I’ve never been much into social media. There was a period where I used Instagram to follow my friends and artists I liked. Facebook I only used very briefly as an undergrad. Technically, I still have a LinkedIn account that receives no attention from me. However, even back in my social media days I noticed the tendency of these platforms to show you stuff that will grab your attention whether you like it or not.
Since then, I’ve been exploring Fediverse platforms like Mastodon and Lemmy. But all platforms I have tried have this same problem of incentivizing what I would call rage- or clickbait1. The problem I have with these phenomena is that they are cheap, ubiquitous signals that serve to manipulate. An attention-grabbing essay title that does not follow the clickbait format is really different in this regard, as an interesting title at least has some correlation to the quality of the writing.

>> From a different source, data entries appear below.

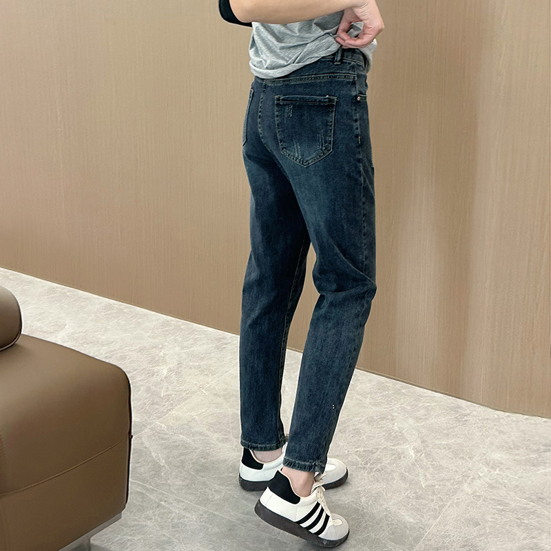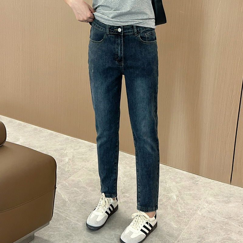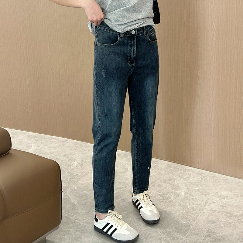 大码复古2025春夏新款胖mm牛仔裤九分直筒高腰显瘦修身烟管小脚裤
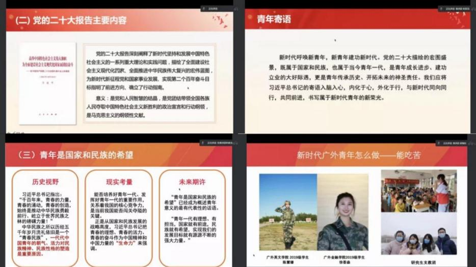 像黎思蕾这样专注于党的二十大精神宣讲的成员还有37名,他们在同学之中进行党的二十大精神宣讲,在广外校园中掀起一股“党的二十大精神学习热潮”。3月初,伟德bv国际体育新时代青年师生理论宣讲团正式面向全校开放预约,宣讲团以研究宣传习近平新时代中国特色社会主义思想为主线,充分发挥青年群体的朋辈示范引领作用,以浅显易懂的语言、新时代青年人喜闻乐见的方式,着力推进党的二十大精神“进校园”“进支部”“进班级”。截至目前,宣讲团面向全校共开展宣讲活动12场,覆盖学生人数2000余人。
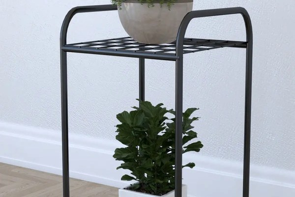 Etajera metal pentru flori 2 rafturi Decor Homs 33 x 60 x 31 cm, negru
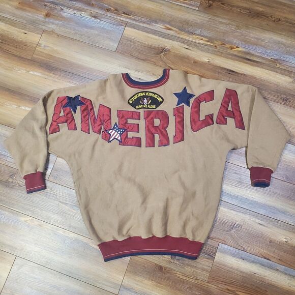Vintage 90s Sz Large America MADE IN USA Spell Out Stitched Crewneck Sweatshirt
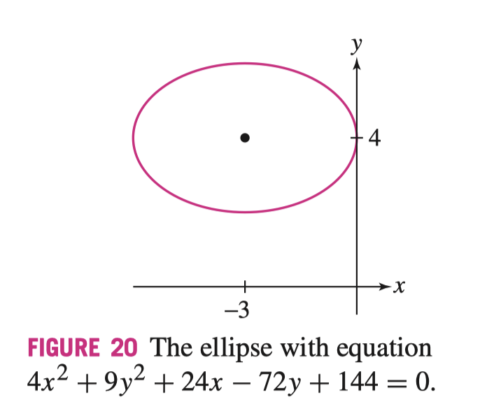 比如对于 \(4x^{2} + 9y^{2} + 24x - 72y + 144 = 0\) 就可以化为 \(4(x + 3)^{2} + 9(y - 4)^{2} = 36\),进而化为椭圆标准方程

1 I use these terms fairly liberally to basically encapsulate anything that is tailor-made to be attention-grabbing, like using very strong wording or misleading images.
2 Academia has a similar problem, since how many papers you publish is far more important for your career than how “good” those papers are. The quality metric, citations, is deeply flawed too. At least university departments put in a bit of effort to look at your papers before inviting you to interview, assuming of course you made it to the stage where they check.

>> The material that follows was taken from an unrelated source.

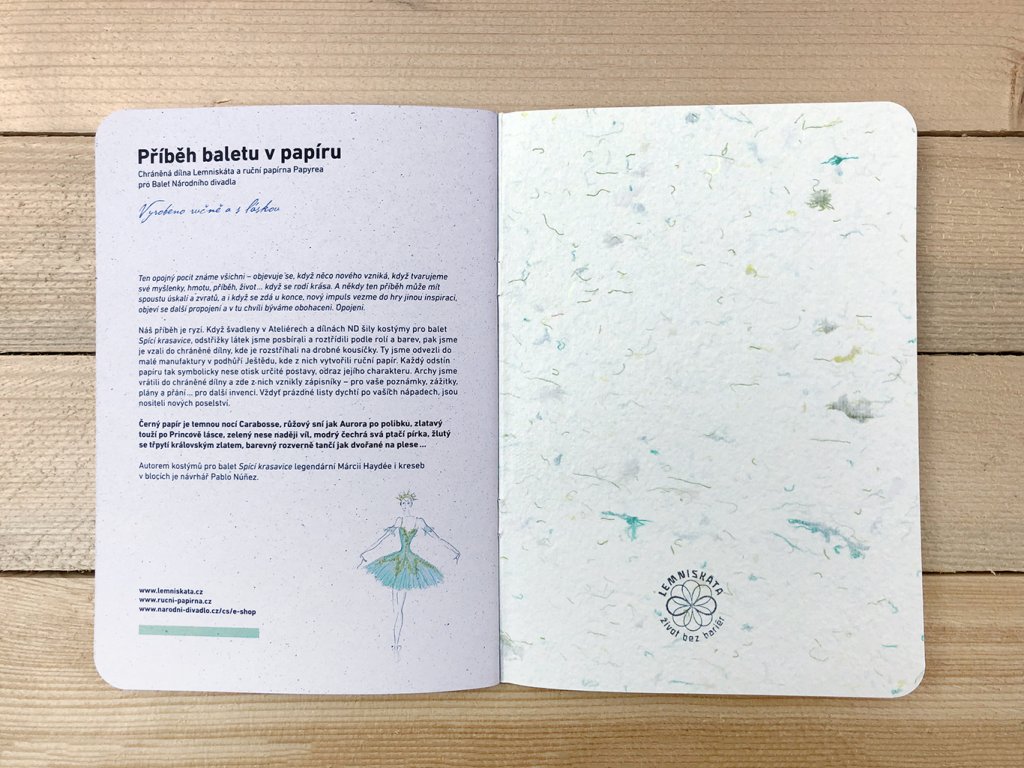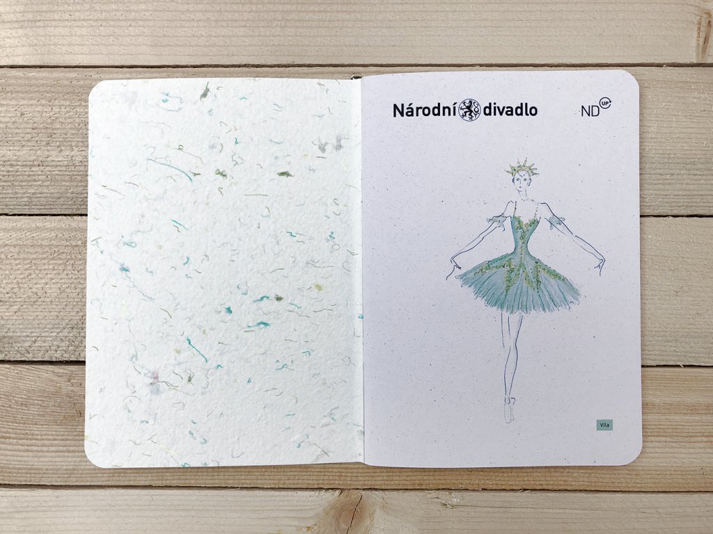 Z odstřižků kostýmů, které pro baletní představení Spící krasavice navrhnul světoznámý návrhář Pablo Núňéz, jsme nechali u přátel z rodinné papírny Papyrea vyrobit něžný a díky textilním zbytkům na omak sametově "teplý" papír a z něj tvoříme krásné sešity.

Essentially, I don’t think popularity metrics are very useful for distinguishing between quality (where engagement comes through resonance with the audience) and rage-bait (where engagement comes from tricking people into boosting the metrics). I have a feeling that platforms which serve to make content creation as easy as possible will never be able to solve this, as accessibility necessarily induces more low-quality content. In other words, short-form text, photos, and video clip producers will always be incentivized to clickbait2.
I should say though, Mastodon can be made sane. It is up to you though. This is because Mastodon allows you to hide posts that contain keywords of your choosing. So you can maintain a list of keywords you classify as ragebait-like in nature and so only see the stuff that’s left after that. Of course, that requires some effort, continuous vigilance, and being ok with never seeing the false positives. If you want to use Mastodon, I would generally recommend being pretty liberal in your use of filter words.

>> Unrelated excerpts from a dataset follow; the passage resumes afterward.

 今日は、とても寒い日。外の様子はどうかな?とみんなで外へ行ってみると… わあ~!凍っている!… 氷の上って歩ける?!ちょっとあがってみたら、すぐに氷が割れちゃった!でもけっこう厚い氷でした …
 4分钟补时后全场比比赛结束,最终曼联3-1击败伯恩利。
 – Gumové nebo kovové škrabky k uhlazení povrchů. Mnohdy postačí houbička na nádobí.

How to stop gaming of metrics? Simple, have no metrics. The problem of course is that no-one would find a “Trending” tab that really is just a “Random” tab very worthwhile. “Popular” content is used to on-board new users and popularity is also used to make decisions about what to recommend. Ironically, a social media platform that does away with inadvertently incentivizing garbage by default would never be accessible enough to have main-stream appeal.
Is any of this unique to social media? Of course not. We could easily think of news outlets increasingly following a similar recipe. These trends towards maximum clickbait make me a bit worried about where democracies are headed, especially now with AI making influence campaigns nigh fully automatable. Until we have found a good way to address these problems, it’s probably best you make sure you control what stuff is on your feed, and help your friends do the same.